**YOUR INSTRUCTIONS**
Give the lines again exactly as they appear below, from the line with "U každého bočního" to the line with "Lista celor 20", both included, and only those lines. Leave every picture out.

[Items from a dataset]
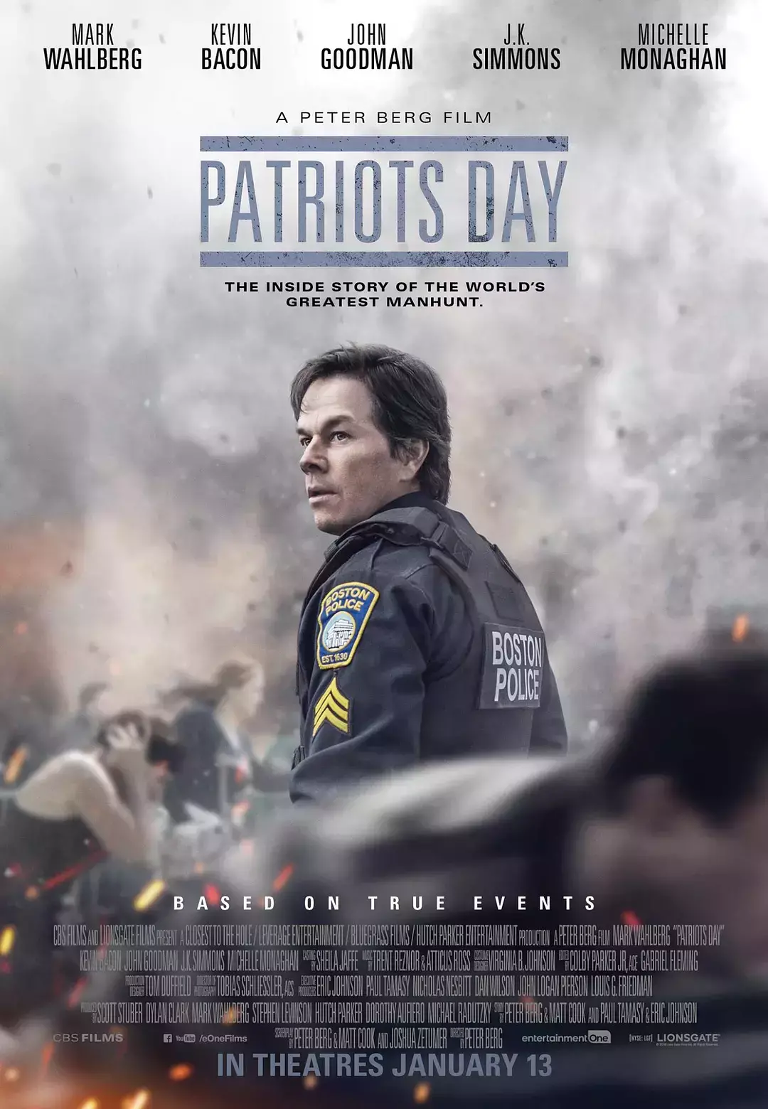 《恐袭波士顿》根据2013年的波士顿马拉松爆炸事件改编,由美国狮门影业公司发行,由彼得·博格执导,马克·沃尔伯格、梅利莎·拜诺伊斯特、米歇尔·莫娜汉、凯文·贝肯联合主演的灾难片。
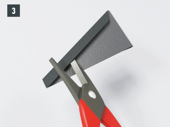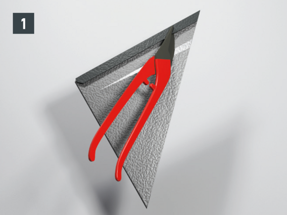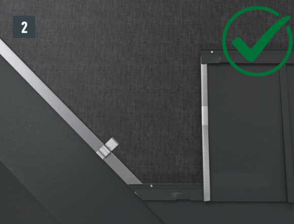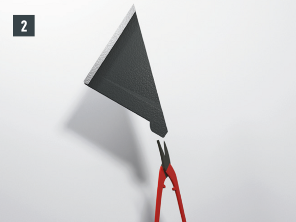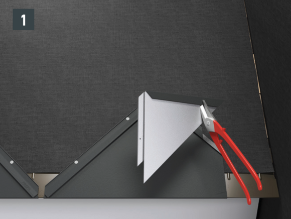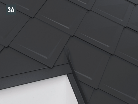 U každého bočního zdvihu falcované šablony 44 × 44 (závětrná lišta a lemování komínu) je nutno drážky směřující šikmo směrem dolů na spodní straně vystřihnout a vyhnout.
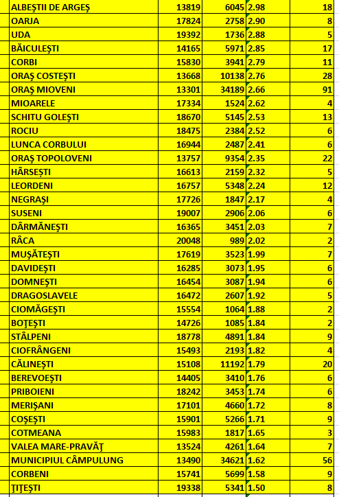 Lista celor 20 de localități din Argeș aflate în scenariul roșu:
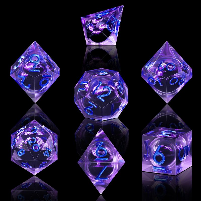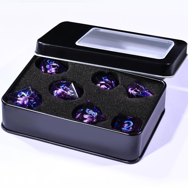 AUSTOR 7 Die DND Dice Set 7 Pieces Violet Flame Dragon Resin Dice Role Playing D and D Dice D20 D12 D10 D8 D6 D4 Sharp Edge Dungeons and Dragons Dice with Case
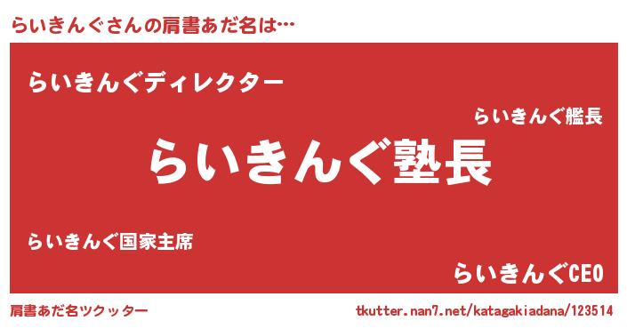 | 意味不明あだ名 | 『とにかく怪しいらいきんぐ』 |
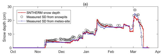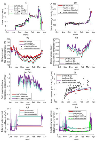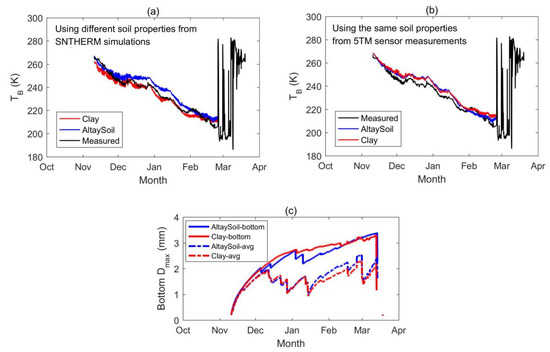 Figure 16 shows the comparison of TB using two different SNTHERM simulated soil properties (a) and the same property from 5TM soil sensor measurements (b). In Figure 16a, it shows surprisingly, the simulated TB is better using the original clay soil setting. The error is most likely from the soil dielectric constant modelling. By comparing with Figure 16b, it shows the reason is from the difference in the simulated soil properties caused by different soil parameter settings, not from the simulated Dmax difference in Figure 16c. In Figure 16c, it showed the average Dmax using Altay soil is still larger than the clay soil, which agrees with Figure 4f and the modeling theory; however, in the mid snow season, the bottom layer Dmax using clay soil can be reversely larger, due to the randomness in layer combination.

**EXPECTED ANSWER**
 U každého bočního zdvihu falcované šablony 44 × 44 (závětrná lišta a lemování komínu) je nutno drážky směřující šikmo směrem dolů na spodní straně vystřihnout a vyhnout.
 Lista celor 20 de localități din Argeș aflate în scenariul roșu:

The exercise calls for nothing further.